Wild is not my typical reading fare.  Why did I pick it up, then?  It was the first selection of Oprah’s Book Club 2.0, the re-invention of the program that truly ignited my passion for reading as a teen.  I suppose you might say I read the book out of loyalty.

The memoir tells of Cheryl Strayed’s adventures along the Pacific Crest Trail as she hiked alone from southern California to the Oregon/Washington border.  Her lone journey allows her the opportunity to come to grips (finally) with her mother’s death, her failed marriage, and her life that is in shambles.  Facing one hardship after another, Strayed must come to terms with the truth that there are often situations for which she was not prepared.  The challenges of attempting to carry too heavy of a load, ill-fitting shoes, snow-packed paths, and muscle fatigue almost serve as symbols for the greater crises occurring in her life.

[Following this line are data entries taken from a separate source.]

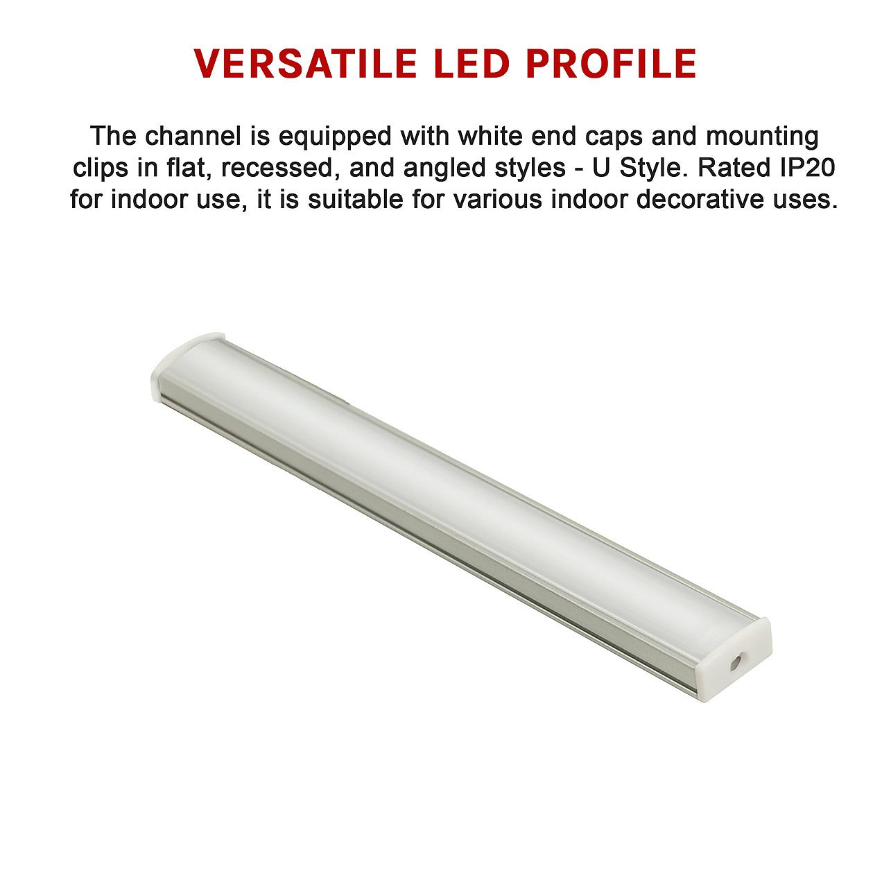 The channel is equipped with white end caps and mounting clips in flat, recessed, and angled styles - U Style. Rated IP20 for indoor use, it is suitable for various indoor decorative uses, including: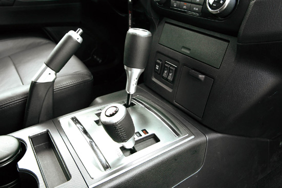 帕杰罗的5挡INVECS-II手/自动一体变速器具有学习驾驶者驾驶风格的功能,由此也能选择更贴近个人风格的换挡时机,但这项功能并没有让我们印象深刻,D挡模式下变速器还是会在2000r/min左右时悄悄升挡。手动模式下你可以让转速逼近红线,但为了保护发动机,电脑还是会对不合理的操作加以控制,所以你要想在60km/h的车速下去强降至1挡,电脑肯定不会让你胡来。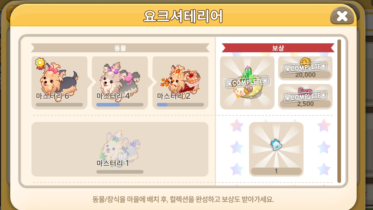 요크셔테리어 컬렉션 보다가 최종보상이 겨우 1벨인거 보고 좀 아닌거 같아서 씁니다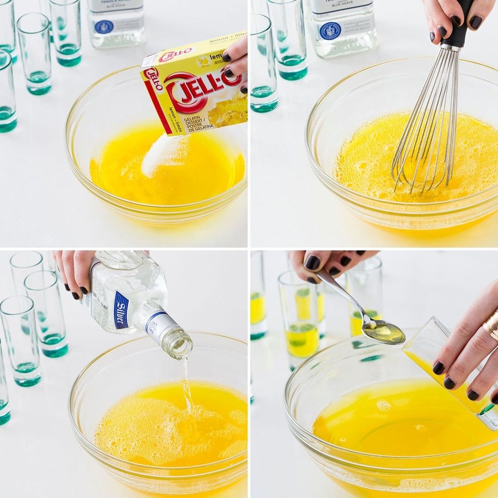 1. Combine lemon Jell-O and 2.5 cups hot water in a large bowl. Stir. Add 1.5 cups tequila. Stir. Use a spoon to fill your shot glasses 1/3 of the way. Place in the fridge to set for 60-90 minutes.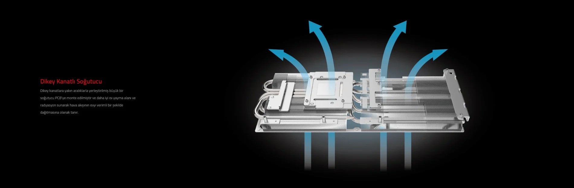 5 x 6φ nikel kaplı bakır ısı boruları PCB'nin üzerine yakın bir şekilde hizalanarak ısının GPU ve VRAM'den soğutma dizisine daha hızlı ve etkili bir şekilde aktarılmasını sağlar.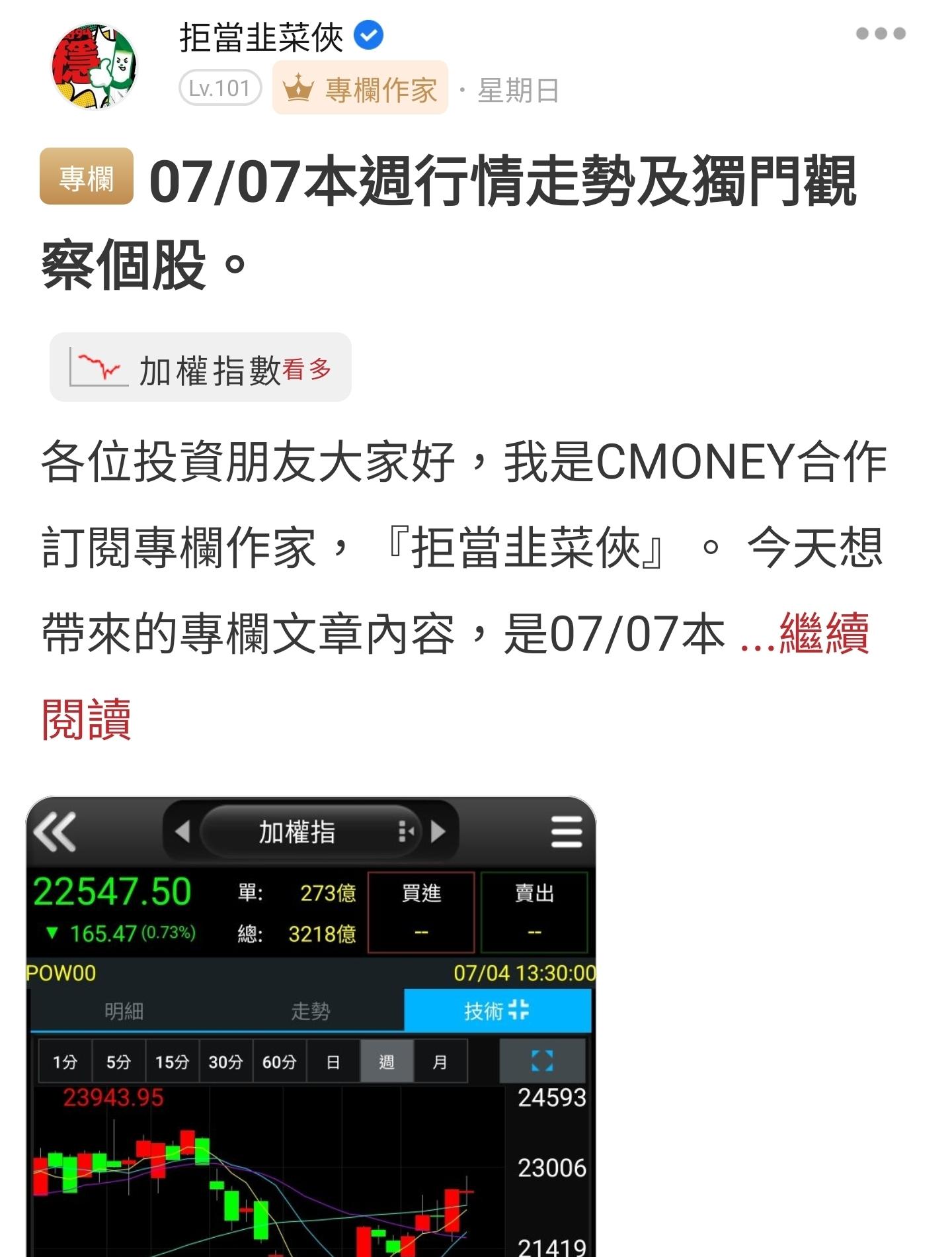 拒當韭菜俠 追蹤 專欄作家 Lv.101 2025年07月09日 19:39 川普關稅倒數!8月1日台灣關稅將如何? 錸寶 加權指數 定穎投控 金居 欣興 展開 +6 報復性反彈,超過一根漲停超好表現👊👊👊 繼續閱讀 57 0P 9則留言 打賞 分享 留言 讚 取消 送出 查看 9 則留言... 留言...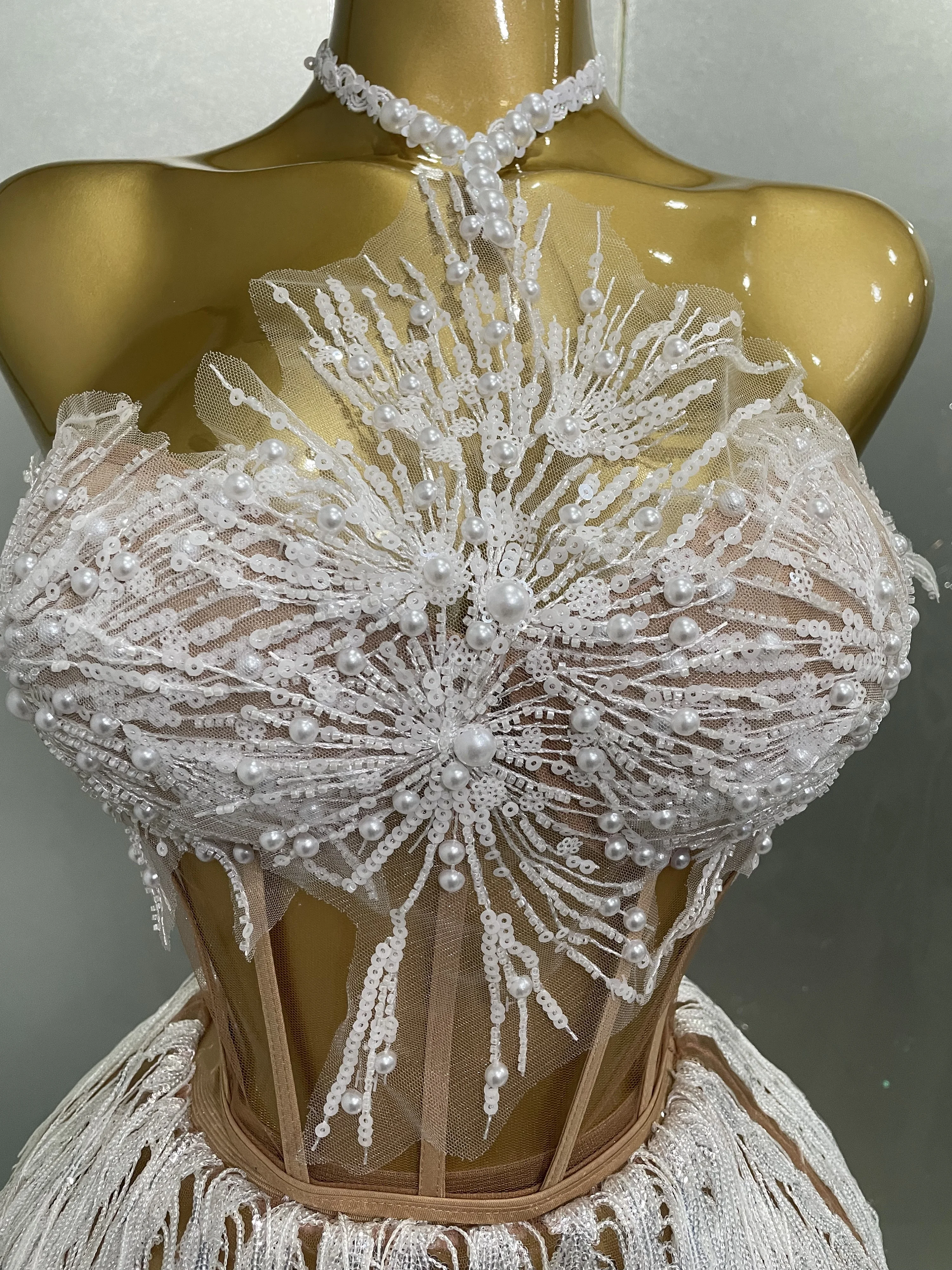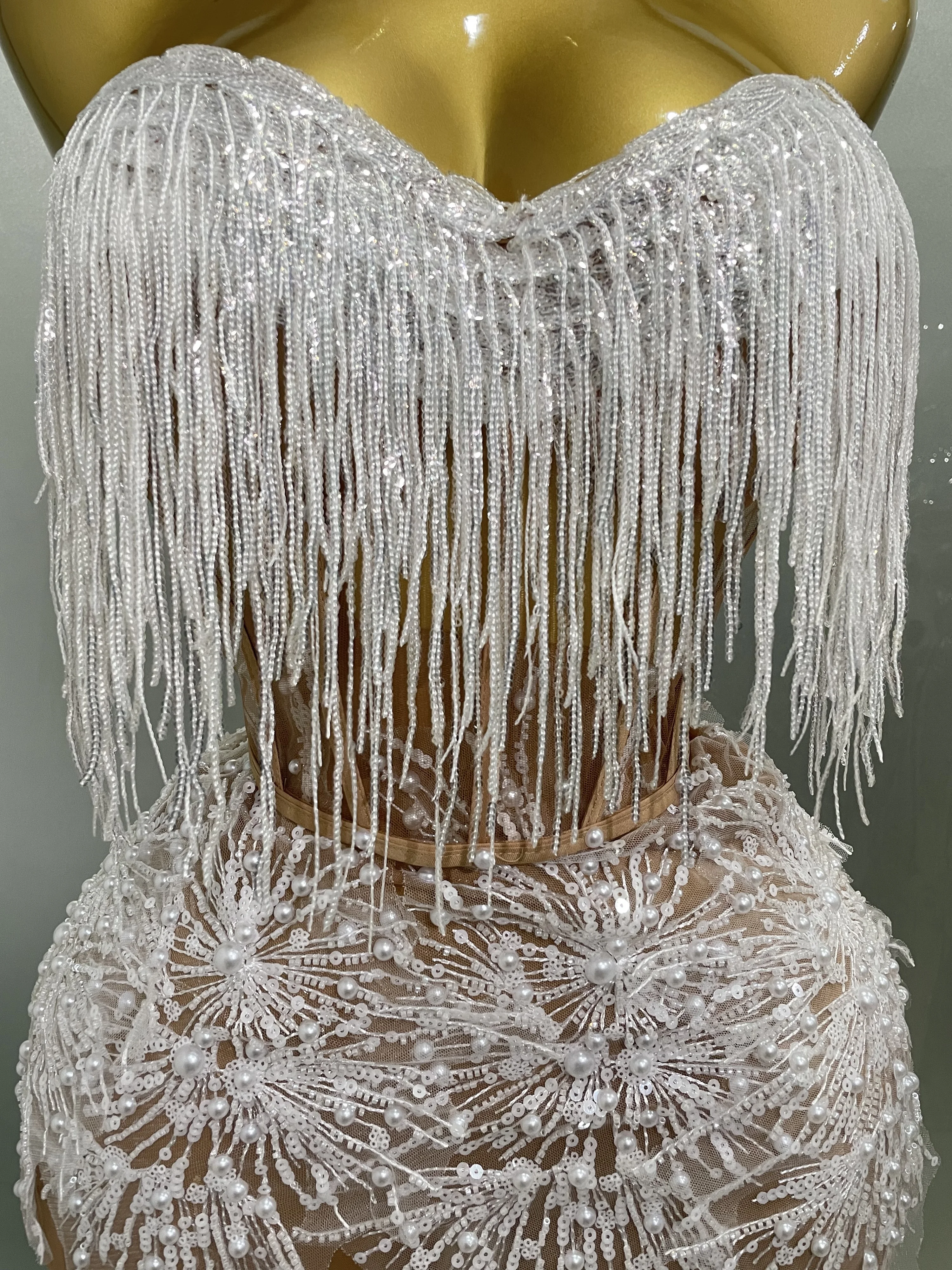2025 Sexy Pearl Sequins Tassel Sleeveless Glitter Mini Dress Women Singer Bar Nightclub Stage Performance Clothing Show Outfit

I read Wild as I began my own journey to personal fitness.  As I journeyed with Strayed on the pages of the book, I found myself encouraged as she overcame various challenges.  I was also enthralled as I realized that any journey worth taking brought with it struggle, uncertainty, pain, and fear.  Cheryl’s courage to push through those emotions while keeping her eyes focused on the goal that lay before her became my personal push to see things through as well.

Would I have normally enjoyed Wild?  Probably not.  I found myself getting bored with the descriptions of the scenery of the PCT (as beautiful as it was) and annoyed with some of the lengthy flashbacks.  Memoirs rarely feel as though they are entertaining reads.  Given my current life, however, I am happy to say I have read the book and believe that I will be better because of it.